-------- MATERIAL FOR THIS TASK --------

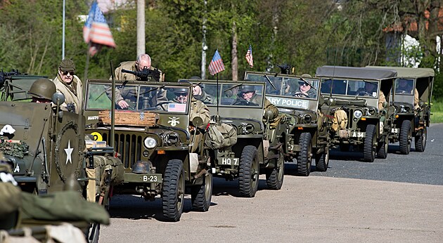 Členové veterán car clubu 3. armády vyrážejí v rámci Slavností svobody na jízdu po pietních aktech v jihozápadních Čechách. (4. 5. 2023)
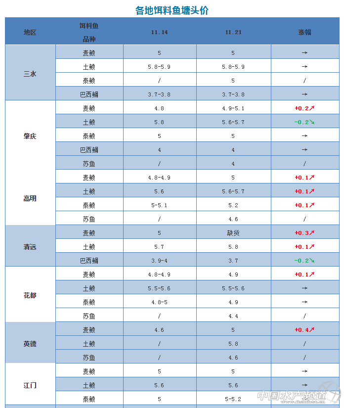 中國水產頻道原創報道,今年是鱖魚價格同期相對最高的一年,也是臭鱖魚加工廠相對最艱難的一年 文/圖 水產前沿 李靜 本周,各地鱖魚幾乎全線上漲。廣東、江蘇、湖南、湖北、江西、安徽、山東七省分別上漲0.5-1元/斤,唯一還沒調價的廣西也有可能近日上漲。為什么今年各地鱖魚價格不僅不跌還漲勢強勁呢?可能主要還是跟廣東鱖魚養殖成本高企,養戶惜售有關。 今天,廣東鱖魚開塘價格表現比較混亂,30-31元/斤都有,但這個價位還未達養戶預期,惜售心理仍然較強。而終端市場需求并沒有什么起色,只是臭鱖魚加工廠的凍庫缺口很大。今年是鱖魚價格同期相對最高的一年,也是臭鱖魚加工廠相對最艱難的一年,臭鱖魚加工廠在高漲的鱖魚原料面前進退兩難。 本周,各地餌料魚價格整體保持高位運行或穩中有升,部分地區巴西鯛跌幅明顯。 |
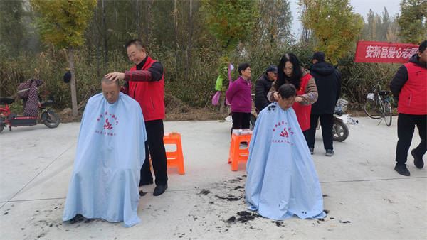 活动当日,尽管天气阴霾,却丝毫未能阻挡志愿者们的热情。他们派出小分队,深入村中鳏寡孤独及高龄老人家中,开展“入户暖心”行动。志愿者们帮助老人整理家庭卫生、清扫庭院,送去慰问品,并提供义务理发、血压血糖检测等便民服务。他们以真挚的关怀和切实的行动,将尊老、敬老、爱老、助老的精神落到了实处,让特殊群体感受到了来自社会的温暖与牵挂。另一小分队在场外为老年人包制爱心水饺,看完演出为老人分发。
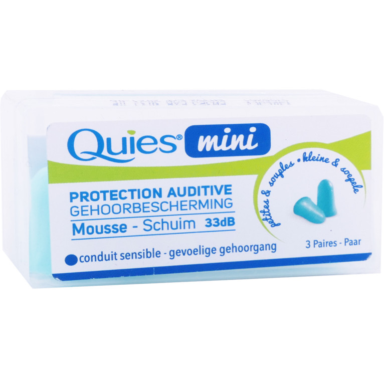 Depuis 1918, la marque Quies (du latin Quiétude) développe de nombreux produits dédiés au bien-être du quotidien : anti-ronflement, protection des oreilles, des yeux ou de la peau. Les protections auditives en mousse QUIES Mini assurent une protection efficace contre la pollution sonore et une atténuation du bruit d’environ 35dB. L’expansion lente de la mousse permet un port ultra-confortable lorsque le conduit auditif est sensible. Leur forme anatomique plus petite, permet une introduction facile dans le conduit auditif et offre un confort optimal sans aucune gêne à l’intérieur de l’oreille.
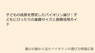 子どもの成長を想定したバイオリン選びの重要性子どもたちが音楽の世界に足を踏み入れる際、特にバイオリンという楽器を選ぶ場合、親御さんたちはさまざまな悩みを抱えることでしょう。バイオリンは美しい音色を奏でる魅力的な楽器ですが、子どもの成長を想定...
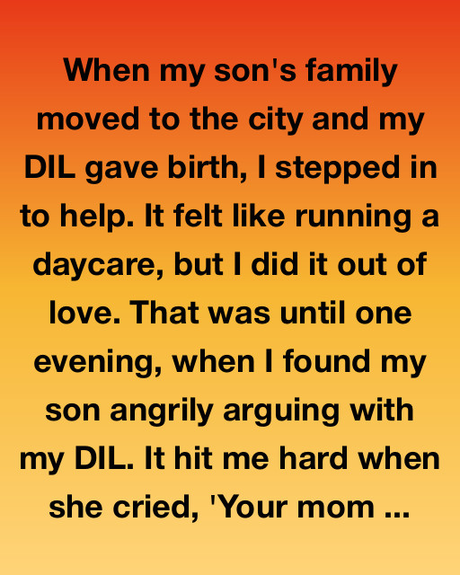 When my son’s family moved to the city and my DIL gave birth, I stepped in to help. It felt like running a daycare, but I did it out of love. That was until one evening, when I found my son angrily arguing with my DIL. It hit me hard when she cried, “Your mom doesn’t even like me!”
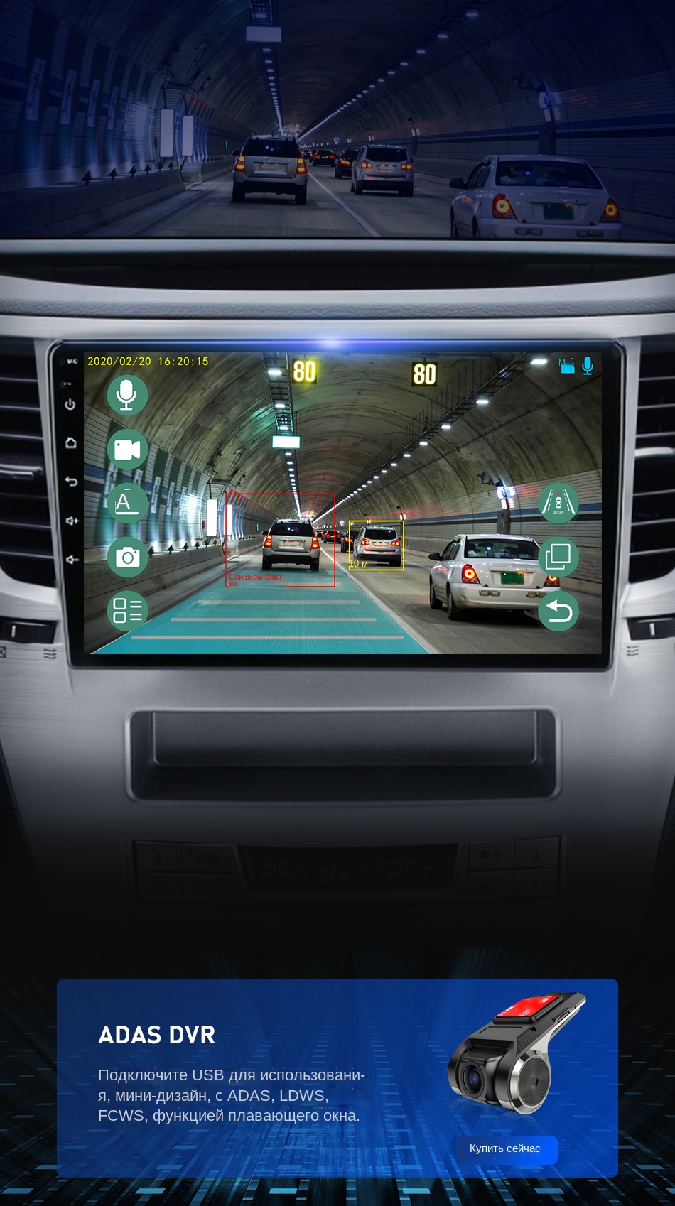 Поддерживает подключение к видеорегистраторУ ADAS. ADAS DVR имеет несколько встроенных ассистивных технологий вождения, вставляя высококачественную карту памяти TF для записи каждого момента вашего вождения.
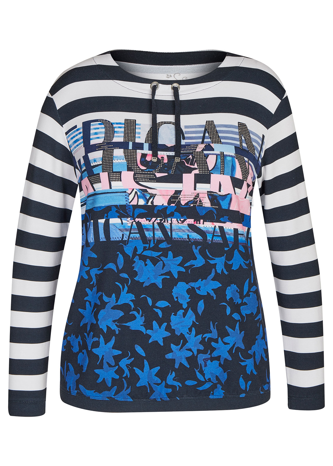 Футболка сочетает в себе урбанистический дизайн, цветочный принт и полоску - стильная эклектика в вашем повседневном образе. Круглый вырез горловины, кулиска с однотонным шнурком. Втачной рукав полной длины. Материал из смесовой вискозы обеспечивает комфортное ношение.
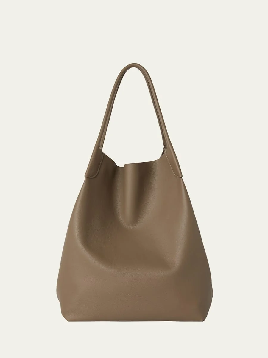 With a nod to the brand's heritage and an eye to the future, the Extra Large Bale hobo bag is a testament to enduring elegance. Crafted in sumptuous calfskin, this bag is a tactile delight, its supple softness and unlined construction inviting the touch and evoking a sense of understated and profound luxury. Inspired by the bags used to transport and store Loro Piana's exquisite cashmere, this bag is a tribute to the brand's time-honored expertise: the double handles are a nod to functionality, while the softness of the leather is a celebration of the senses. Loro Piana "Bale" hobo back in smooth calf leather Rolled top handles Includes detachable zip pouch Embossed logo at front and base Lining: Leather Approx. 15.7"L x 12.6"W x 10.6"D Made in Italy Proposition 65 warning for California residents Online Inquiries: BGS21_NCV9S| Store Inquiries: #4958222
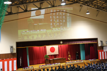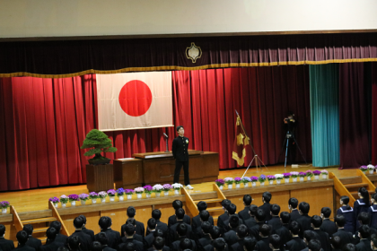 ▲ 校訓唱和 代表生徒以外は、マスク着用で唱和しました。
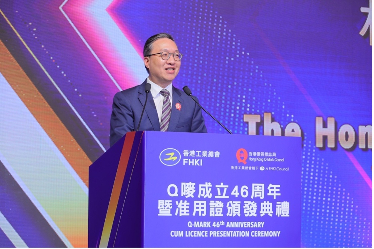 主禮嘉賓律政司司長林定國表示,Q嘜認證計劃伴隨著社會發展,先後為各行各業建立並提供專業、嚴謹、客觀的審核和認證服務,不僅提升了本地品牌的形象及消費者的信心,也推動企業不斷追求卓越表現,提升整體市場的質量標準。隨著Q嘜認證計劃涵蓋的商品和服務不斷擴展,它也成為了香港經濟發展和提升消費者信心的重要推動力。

--------

## WHAT YOU NEED TO DO
The answer must be the lines above, word for word, from the first one through the line with "活动当日,尽管天气阴霾,却丝", pictures excluded.

## RESPONSE FOR THIS EXERCISE
 Členové veterán car clubu 3. armády vyrážejí v rámci Slavností svobody na jízdu po pietních aktech v jihozápadních Čechách. (4. 5. 2023)
 中國水產頻道原創報道,今年是鱖魚價格同期相對最高的一年,也是臭鱖魚加工廠相對最艱難的一年 文/圖 水產前沿 李靜 本周,各地鱖魚幾乎全線上漲。廣東、江蘇、湖南、湖北、江西、安徽、山東七省分別上漲0.5-1元/斤,唯一還沒調價的廣西也有可能近日上漲。為什么今年各地鱖魚價格不僅不跌還漲勢強勁呢?可能主要還是跟廣東鱖魚養殖成本高企,養戶惜售有關。 今天,廣東鱖魚開塘價格表現比較混亂,30-31元/斤都有,但這個價位還未達養戶預期,惜售心理仍然較強。而終端市場需求并沒有什么起色,只是臭鱖魚加工廠的凍庫缺口很大。今年是鱖魚價格同期相對最高的一年,也是臭鱖魚加工廠相對最艱難的一年,臭鱖魚加工廠在高漲的鱖魚原料面前進退兩難。 本周,各地餌料魚價格整體保持高位運行或穩中有升,部分地區巴西鯛跌幅明顯。 |
 活动当日,尽管天气阴霾,却丝毫未能阻挡志愿者们的热情。他们派出小分队,深入村中鳏寡孤独及高龄老人家中,开展“入户暖心”行动。志愿者们帮助老人整理家庭卫生、清扫庭院,送去慰问品,并提供义务理发、血压血糖检测等便民服务。他们以真挚的关怀和切实的行动,将尊老、敬老、爱老、助老的精神落到了实处,让特殊群体感受到了来自社会的温暖与牵挂。另一小分队在场外为老年人包制爱心水饺,看完演出为老人分发。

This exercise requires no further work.